Architect Philip Hastings was on hand to take the presentation the rest of the way, noting that the designs “reflect 150 years of history” and functional design.
The intent, he said is to create an event space as large as possible with rooms off to the sides.
“The intention is as much as possible bring it back to how it existed originally while, at the same time, adding an addition to the south,” said Mr. Hastings. “The addition to the south primarily houses the new pieces of the program which are the kitchen, and have a large amount of mechanical equipment. It is an ideal place to put those things.”

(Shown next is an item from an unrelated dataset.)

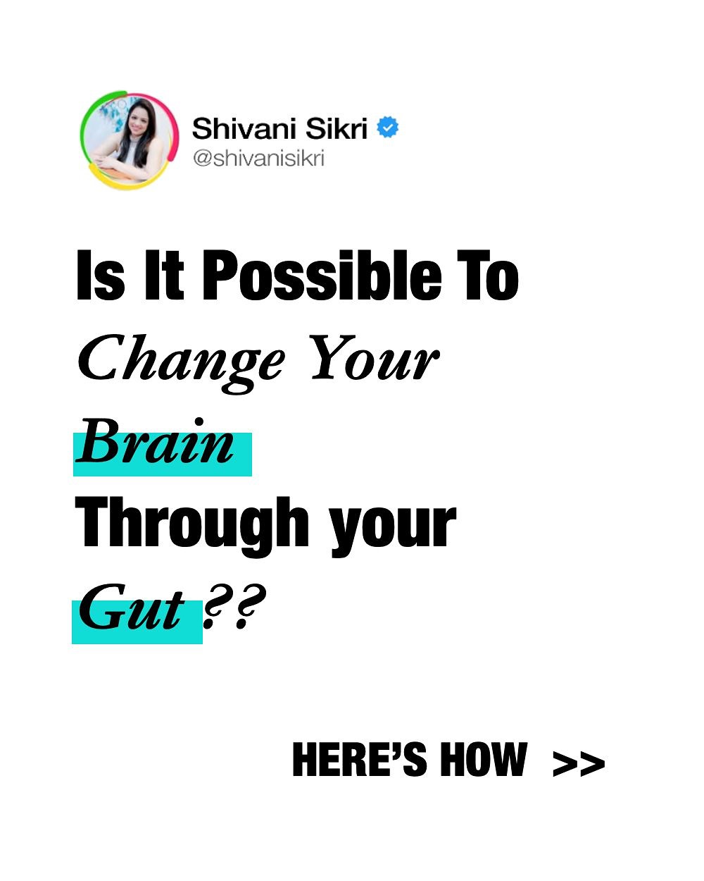 Gut Feeling ; Gut & Brain Axis #gut #guthealthmatters mindfulness #mindfulness #mindset #wellness #health #brain .. . . .. Shivani Sikri | The Wellness Catalyst Nutritionist | Nutri4Verve | Nutri4Verve App @nutri4verve Health Coach | Health | Wellness | Education | Courses | Online Coach | Mindfulness | life coach Influencer | Digital Creator | Content Creator Podcast | Podcaster | Dietician . . . . . . . . . . Disclaimer: We encourage you to use these products /services/suggestions as suggested by your doctor , nutritionist , health care professional and please understand that any usage is solely at your own responsibility.

Parking and access will come from the east side and, on the west, there will be an overhang giving the teaching kitchen full visibility from the Town Park. A rollup window can be used to serve Town Park patrons from inside the Armoury, previously existing windows will be restored, and a canopy will be installed to “be a great spot to get out of the rain or sun.”
“Following the demolition of the interior of the building, the Town was able to confirm the historic existence of a prominent roll up door on the westerly façade of the building,” said Mr. Ierullo. “This demonstrates that the building did at one time feature a more direct connection to Town Park as envisioned in the proposed design. The Town’s Repurposing Study first identified an opportunity to establish a physical and operational connection between the Aurora Armoury and Town Park. The architects also found photographic evidence of a connection between the Armoury and Town Park. The current situation reflects efforts to minimize potential land use conflicts with the use of fencing and signage as well as the historic removal of windows along the western edge of the building. The goal of the design was to remove these barriers and introduce new elements that allow the two properties to better complement each other from both a design and use perspective.
“This connection is reintroduced with the removal of exterior barriers/fencing and the introduction of glass elements within the central areas of the building and the proposed extension. This is further supported by a new outdoor patio/deck area as well as new exterior elements along on southern and western facades. These areas are designed to integrate with activities planned inside the building as well as service activities in Town Park. This includes the introduction of two new service counters that will provide food and beverage service into Town Park. The landscape design includes approximately 2000 square feet of new exterior space, while preserving all of the existing trees in Town Park.”
While Council is expected to approve the designs last week, they requested more information to come forward on the fine details, including the pros and cons of a zinc roof over a more costly, but potentially longer-lasting copper roof, and the integration of permeable pavement to better handle rain and run-off.